Escola de Enfermeiras Luiza de Marillac

Alunas religiosas e leigas na Escola de Enfermeiras Luiza de Marillac. Recreação com música (com piano e violão). Sem data. Imagem do Arquivo Histórico da Escola de Enfermeiras Luiza de Marillac.

Aberta em 1939, no Rio de Janeiro, a Escola de Enfermeiras Luiza de Matrilac foi a primeira escola de enfermagem do Brasil criada exclusivamente por uma congregação católica, a Congregação das Filhas de Caridade da Associação São Vicente de Paulo. Ela se destacava bastante em relação às outras escolas de enfermagem da época. Em primeiro lugar, porque não contava com a participação direta de médicos vinculado à Faculdade de Medicina e nem de autoridades sanitárias. Em segundo lugar e, talvez, mais importante, porque, exceto pela primeira turma, constituída apenas por irmãs vicentinas, todas as demais foram formadas majoritariamente por alunas leigas (não freiras) até 1961, quando a instituição de ensino é fechada. Portanto, apesar de ser uma instituição dirigida por uma congregação católica que historicamente destinava suas religiosas à assistência aos doentes e desvalidos, a escola abriu suas portas às mulheres leigas de diferentes partes do Brasil. Tal fato permitiu construir um importante caminho à emancipação feminina.

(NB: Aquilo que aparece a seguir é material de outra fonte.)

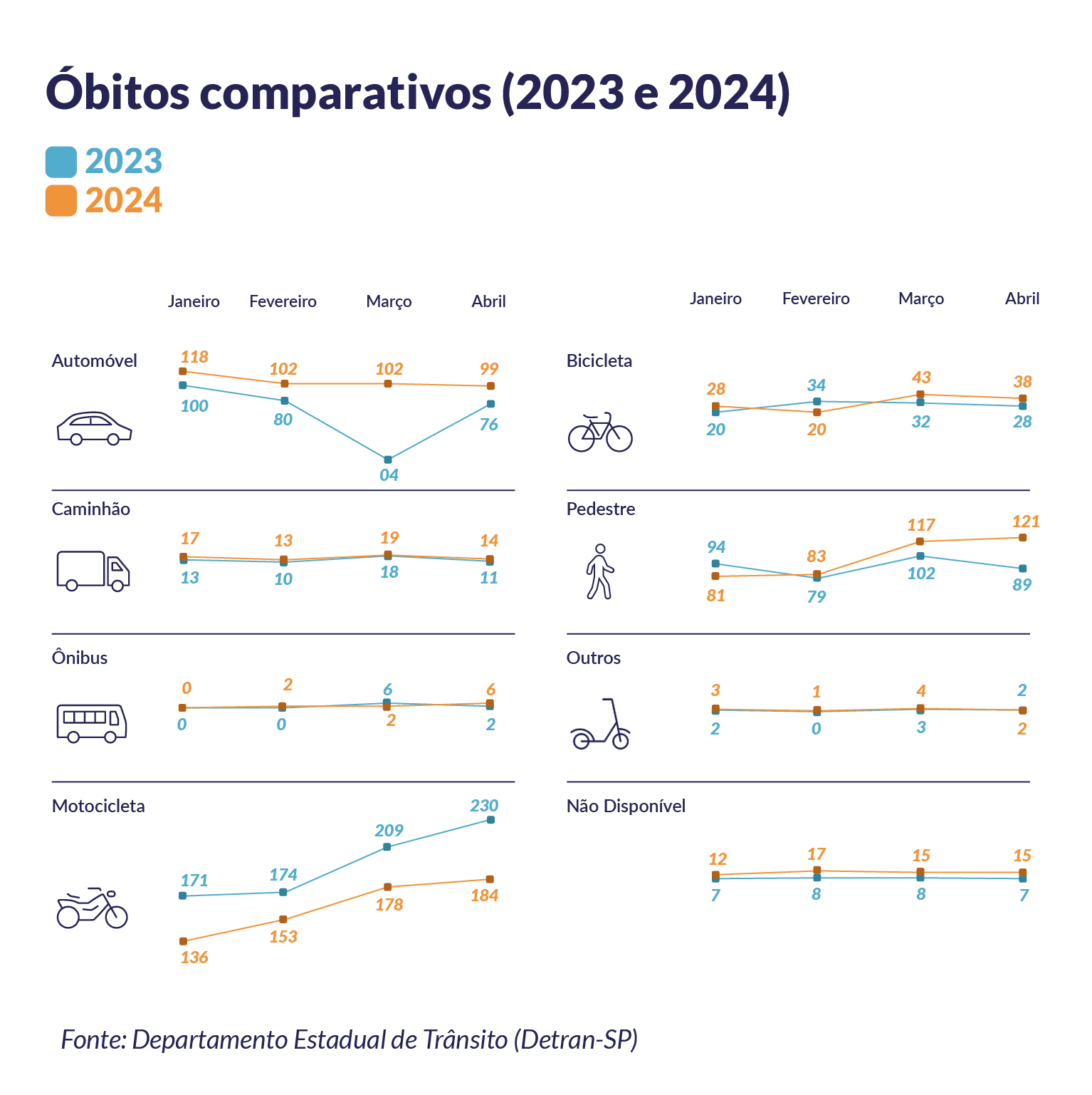 Segundo dados do Detran-SP, houve cerca de 5 mil mortes no trânsito em 2023 e aproximadamente 180 mil acidentes não fatais.
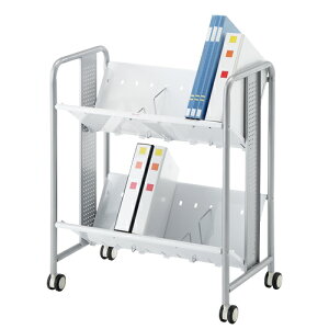 書籍やファイル類の収納・整理・運搬に便利な、2段傾斜タイプのファイルワゴンとなっております。 収納スペースを少し傾斜させることで、収納した書籍やファイル類を取り出しやすくなっています。 また、キャスターには移動の際に比較的静かで床に傷...

A conformação do corpo discente

Entender a formação do corpo discente da Escola é uma tarefa bastante complexa. Sua diversidade fascina pela possibilidade de mergulhar na diferença e de entender como se dá, a partir da experiência educacional, o encontro de projetos de vida e de mundos distintos por meio do convívio entre freiras e leigas, jovens e senhoras, solteiras e viúvas, mulheres do Nordeste, do interior dos estados do Sul e dos grandes centros do Rio de Janeiro e de São Paulo.

Essa configuração era estratégica para a direção da Escola que, organizou diversas frentes para possibilitar o ingresso de mulheres de diferentes partes do Brasil. A iniciativa foi tão bem-sucedida que a maior parcela de alunas não era natural do estado do Rio de Janeiro, onde a Escola estava localizada. Esse ponto deve ser considerado chave em análises sobre a escola, pois, afinal de contas, estamos tratando do deslocamento de mulheres nas décadas de 1930-1960 sem a tutela masculina e com o objetivo de iniciar uma formação profissional.

A tabela fixada abaixo oferece um panorama da origem geográfica das alunas do corpo discente. Inicialmente, vale observar o expressivo número de alunas naturais da região Nordeste.

Tabela 1. Naturalidade das alunas (1939 a 1961)

Naturalidade1939 a 1961%
Região Norte102,45
Região Nordeste20650,49
Região Centro Oeste153,68
Região Sudeste15638,24
Região Sul92,20
Estrangeiras20,49
Não identificadas102,45
Total408100

Fonte: ESCOLA DE ENFERMEIRAS LUIZA DE MARILLAC. Dossiê das Alunas da Escola de Enfermeiras Luiza de Marillac. Ficha de inscrição, 1939-1961. Arquivo histórico da Escola de Enfermeiras Luiza de Marillac.

A fim de alcançar tantas regiões, a direção da Escola organizou uma forma descentralizada de recrutamento, isto é, para inscrever-se e prestar exames não era necessária a presença das candidatas na sede da instituição, no Rio de Janeiro. Para isso, fez-se uma rede de diversos colaboradores espalhados pelo Brasil, que contou com ex-alunas da Escola, políticos, religiosas responsáveis por colégios católicos e membros do clero. Em alguns casos, essas parcerias contaram até mesmo com o apoio de órgãos federais.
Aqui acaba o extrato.